The last elections, Friedman asserts, show that Facebook and Twitter have “connected more people than they can manage and they’ve been naïve about how many bad guys were abusing their platforms.”
These companies’ lack of “morals” was expressed in the insufficient enthusiasm with which they accepted Warner’s absurd lie that $44,000 in “Russian” advertisements swung the 2016 US election, and their resistance to publishing a blacklist of accounts supposedly belonging to “Russian agents.”
Friedman smugly notes, “Last November, Facebook C.E.O. Mark Zuckerberg dismissed as ‘a pretty crazy idea’ evidence that people were using Facebook to generate fake news to tip the US election.” But after he got a personal visit by Warner, no doubt accompanied by threats, Zuckerberg admitted, “Calling that crazy was dismissive and I regret it.”
Friedman explains these supposed moral transgressions by stating that Internet companies wrongly believe their business is to facilitate communication, instead of blocking it.
“One reason Facebook was slow to respond is that its business model was to absorb all of the readers of the mainstream media newspapers and magazines and to absorb all their advertisers—but as few of their editors as possible.”

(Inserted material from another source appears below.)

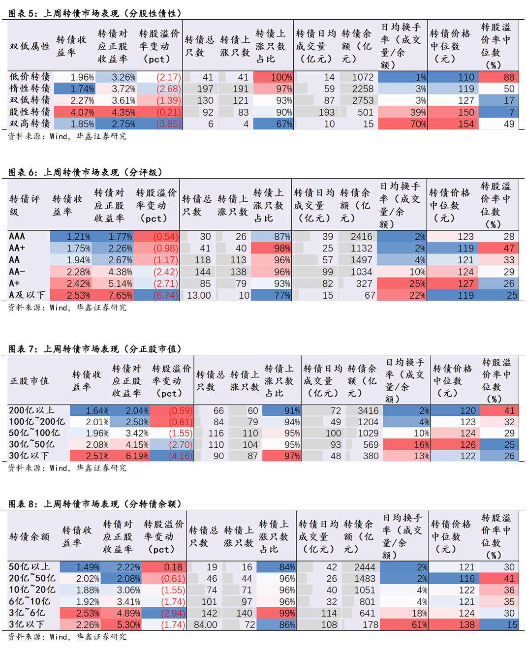 市集神志方面,上盘活债全市集周均成交563亿元,环比下降6%;次新债、低评级转债、双高转债等传统炒作券的来去赓续保抓低迷状态。

Friedman is, of course, referring to editors like those at the Times, one of whom, Bill Keller, infamously declared that the Freedom of the Press includes the “freedom not to publish.”
On the Internet, readers can choose between content “edited” by shills like Keller, and material published by Wikileaks and commented on by critical writers such as Seymour Hersh, Chris Hedges, and Robert Parry, not to mention the World Socialist Web Site, who denounce “editors” like Keller and the current, CIA-connected Times editorial page editor, James Bennet, as the enablers and accomplices of war crimes.

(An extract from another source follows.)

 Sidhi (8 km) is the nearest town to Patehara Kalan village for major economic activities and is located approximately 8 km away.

Friedman’s own admission that “alternative” news sources are absorbing “all of the readers of the mainstream media newspapers” makes clear which sources readers prefer.
At the Times newsroom and on TV talk shows, Friedman is regarded as a visionary, while online, where there is genuine freedom of the press, he is pilloried as a dunce and a criminal. Numerous articles, many of which have appeared on the World Socialist Web Site, have argued that if international law were interpreted as it was at the Nuremberg Trials, where pro-war propagandists were treated as equally culpable as the political leaders who launched criminal wars, Friedman would have to stand in the dock.
Friedman’s overriding aim is to prevent such criticism from finding an audience. His authoritarianism comes out most directly in the following passage: “America’s democracy is built on two principles: truth and trust,” he writes “We trust that our elections are fair and that enables our peaceful rotations of power.”
But reality is the exact opposite. Bernard Bailyn, in his masterful treatise The Ideological Origins of the American Revolution, made clear that American democracy was not founded on trust, but on profound distrust of all authority, with the corollary that those in power are assumed to be lying.
“A better world,” Bailyn wrote, “than any that had ever been known could be built where authority was distrusted and held in constant scrutiny… where the use of power over the lives of men was jealously guarded and severely restricted. It was only where there was this defiance, this refusal to truckle, this distrust of all authority, political or social, that institutions would express human aspirations, not crush them.”
The explosive growth of the Internet is driven by the same impulse. It allows people all over the world to access information critical of corrupt liars like Friedman, and provides the basis for discrediting them in the court of public opinion.
It is for this reason that Friedman supports the censorship of the internet.